Beide Arten haben Vorteile und Nachteile. Am besten versucht ihr beide Wege und nutzt die Vorteile aus. Am Computer zu Lernen hat den Vorteil, das ihr eure Zusammenfassungen viel übersichtlicher gestalten könnt, so nutzen euch diese Unterlagen auch noch einige Wochen später. Auch könnt ihr leicht zusätzliche Informationen einfügen. Die Gefahr besteht am Computer durch starke Ablenkungen. Also versucht Facebook, ICQ, Skype und Co. mal auszuschalten.

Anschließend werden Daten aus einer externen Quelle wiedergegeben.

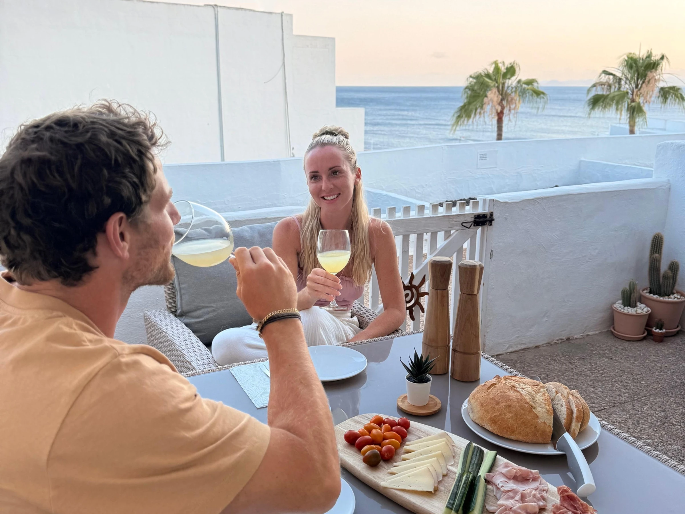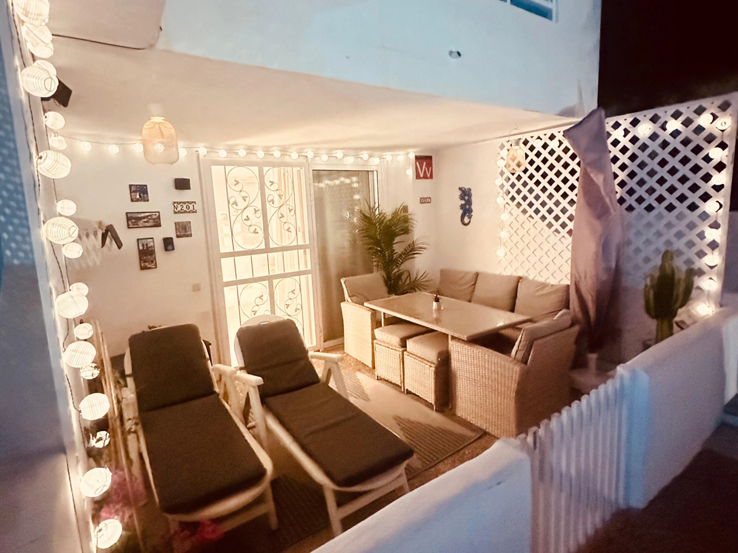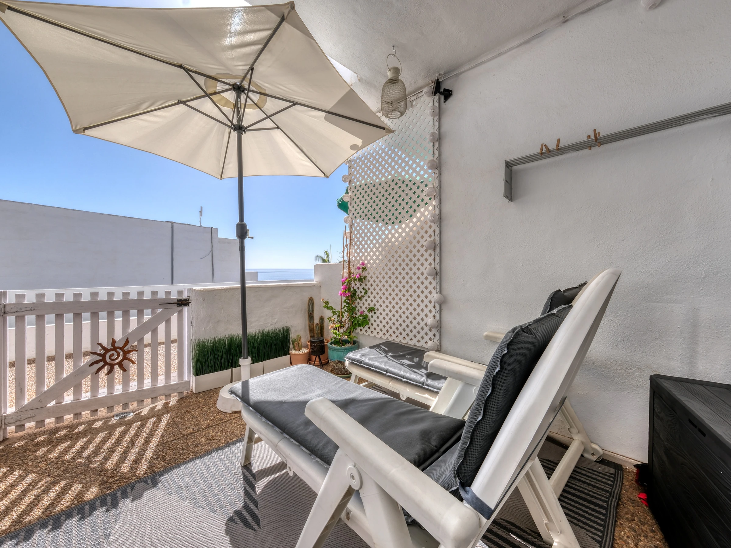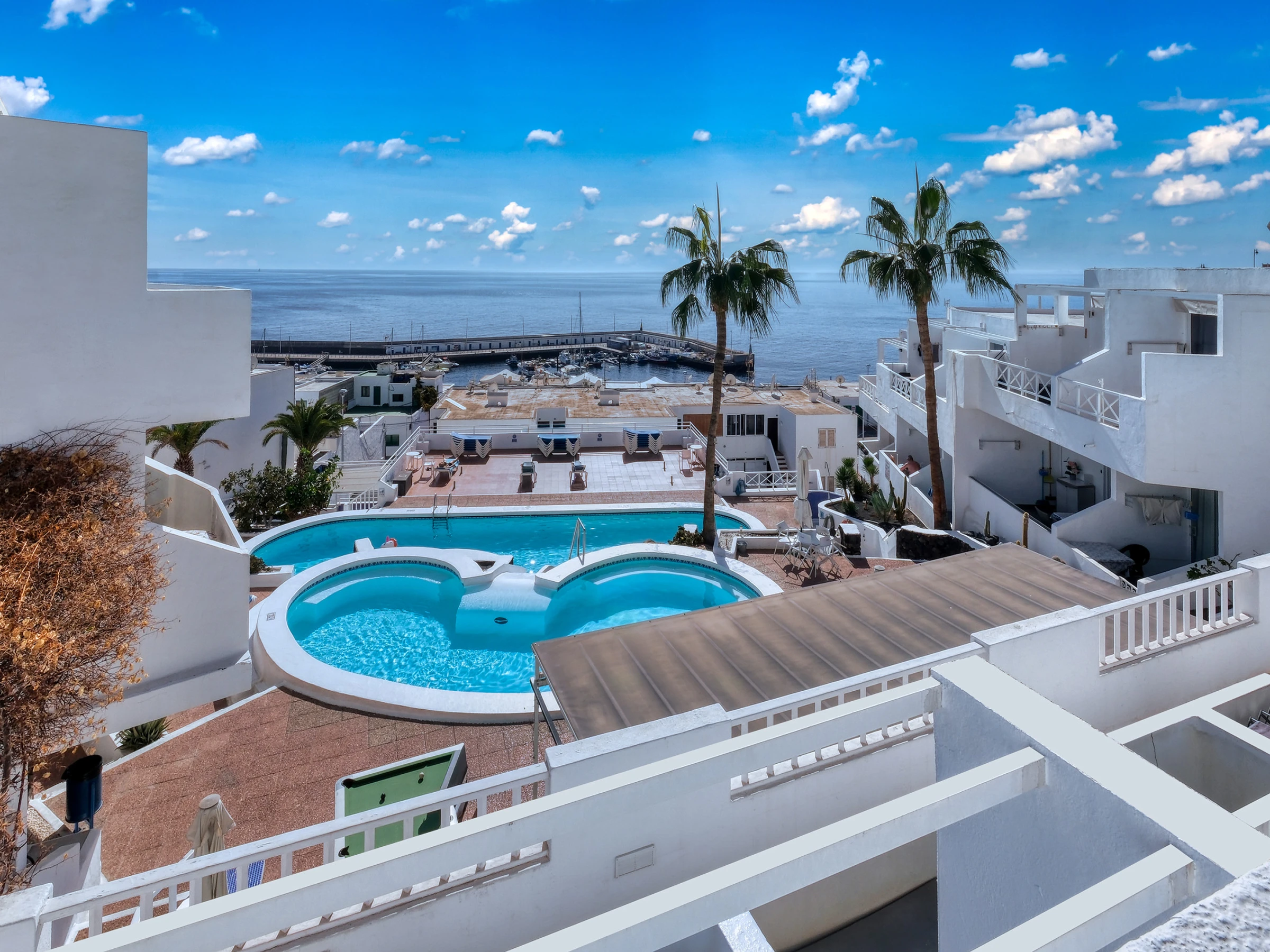 Disfrute de la terraza privada con impresionantes vistas al mar y las piscinas. Cuenta con una mesa de comedor para comidas al aire libre, así como dos tumbonas, perfectas para tomar el sol canario o disfrutar de una bebida al atardecer.

Wenn ihr mit Papier und Stift besser lernt, dann könnt ihr die Unterlagen auch überall mit hin nehmen. Ihr könnt jederzeit markieren und Notizen hinzufügen. Diese Unterlagen werden allerdings nur euch was nützen, da sie in eurer individuellen Gedankenstruktur gewachsen sind.

  • Bücher und Online

Als Hilfsmittel dienen die klassischen Lehrbücher, zusätzlich könnt ihr Online lernen. Die Lehrbücher eurer Schule sind natürlich Pflicht, viele weitere Informationen und Hilfen findet ihr aber auch im Internet. Diese sollte ihr auf jeden Fall nutzen. Egal ob ihr Online-Kurse als Nachhilfe nutzt, zusätzliche Artikel ausdruckt oder euch in Blogs und Foren informiert. Wichtig bei Informationen im Internet ist es, auf die Quellen zu achten.

  • Lernmethoden

Es gibt sehr viele unterschiedliche Lernmethoden. Probiert einfach mal ein paar aus und findet die beste für eure Abiturvorbereitung. Gut ist es in jedem Fall für die einzelnen Fächer Zusammenfassungen zu schreiben. Dann könnt ihr beim Wiederholen der Themen viel schneller bestimmte Inhalte finden und erinnert euch meistens schneller . Eine gute Methode sind Mind Maps. Diese helfen komplexe Themen übersichtlich und strukturiert darzustellen. Eine klassische Methode sind Karteikarten. Damit lassen sich nicht nur Vokabeln gut Lernen. Versucht doch mal Karteikarten zu wichtigen Begriffen aus der Biologie, Chemie oder Mathe zu füllen. Auch mathematische  Formeln lassen sich so besser einprägen.